For Experts

  • Currently not a diagnosis in the DSM or ICD.
  • Potentially psychologically traumatic events that are common among some groups, such as public safety personnel.
  • Critical incidents were thought to involve experiencing unusually strong emotional reactions which have the potential to interfere with responders’ ability to function either at the scene or later and could include “all physical custody (arrests), all vehicle and foot pursuits, all dispatched code responses (emergency), all motor vehicle accidents that require physical work and all calls which present an active threat to life and/or property” (Mitchell, 1983, p. 36).

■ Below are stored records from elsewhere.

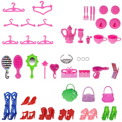 Package Including:Total 50pcs -9 Pack Barbie Doll Clothes Party Gown Outfits (Color Random )+41pcs Different Barbie Accessories Shoes bags Glasses Necklace Tableware Mirror For for Barbie doll Girl Birthday Gift ( Not Contain Doll)
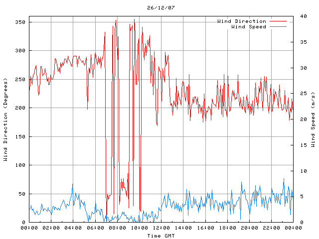 - Max Wind Speed: 8.5 ms-1 Time: 23:07:09 GMT
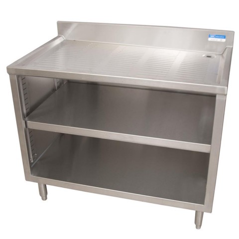 Underbar Glass Rack Unit, drainboard top, 48"W x 21"D x 32-1/2"H, open front base, adjustable shelf, 18/304 stainless steel top with 3" backsplash, & 1" NPS drain (BKDR-15CP), stainless steel legs, adjustable high impact corrosion resistant feet, NSF

  • Critical incident” was used to distinguish common exposures in the line of duty from exposures thought more likely to be problematic.

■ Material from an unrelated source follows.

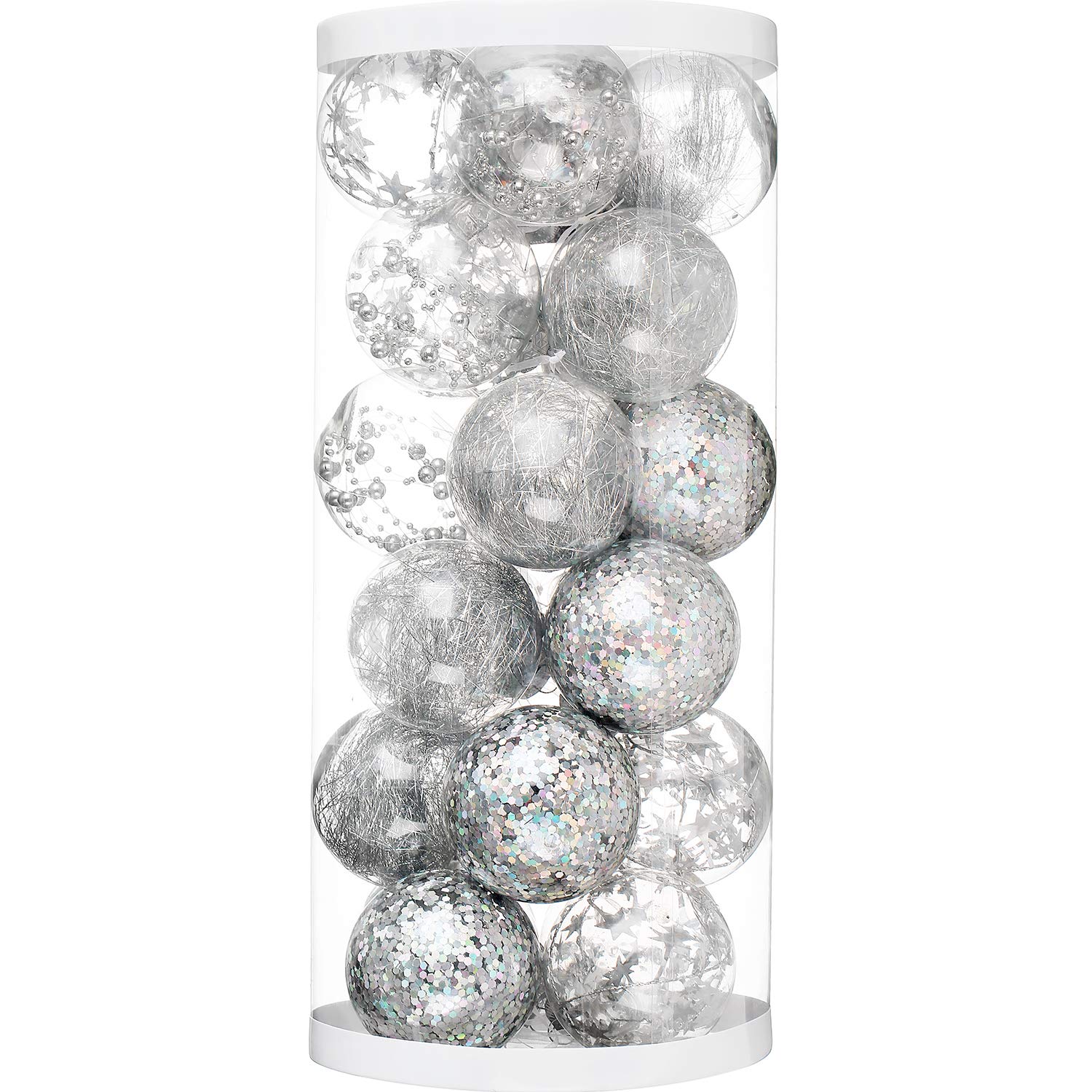 【パッケージ内容】ボール装飾品24個セット 【本体サイズと素材】(約):直径8cm 素材:プラスチック 【カラーと図柄】4柄×各6個 (ひも付き)カラー:透明ボール,ボール内部にシルバー飾り 【商品の梱包】配送により破损を防ぐため、改善した包装は以前より10倍の厚さでもっと丈夫で輸送トラブルを减らできます。また缲り返し利用もできます。外侧の包装に「Open Here」と字で目立つように书かれていた。 【聖なる夜を楽しむ】高級感のある透明タイプ、より一層華やかにしてくれるオーナメントボールです!。好きな色を組みあわせて、可愛らしいデザインが楽しい雰囲気を演出し、クリスマスを一層華やかにします。

  • Available research suggests that individual perceptions, rather than a specific subset of potentially psychologically traumatic events, may be key determinants of whether a potentially psychologically traumatic exposure becomes problematic.

For General Public

  • Currently not a diagnosis in the DSM or ICD.
  • Potentially psychologically traumatic events that may be commonly experienced by public safety personnel, but that may nonetheless evoke unusually strong emotional reactions.
  • May occur when a person is overwhelmed by the scope, severity, personal connection, or extent of exposure to a given potentially psychologically traumatic event.
  • Often mistakenly used interchangeably with psychologically traumatic event or trauma.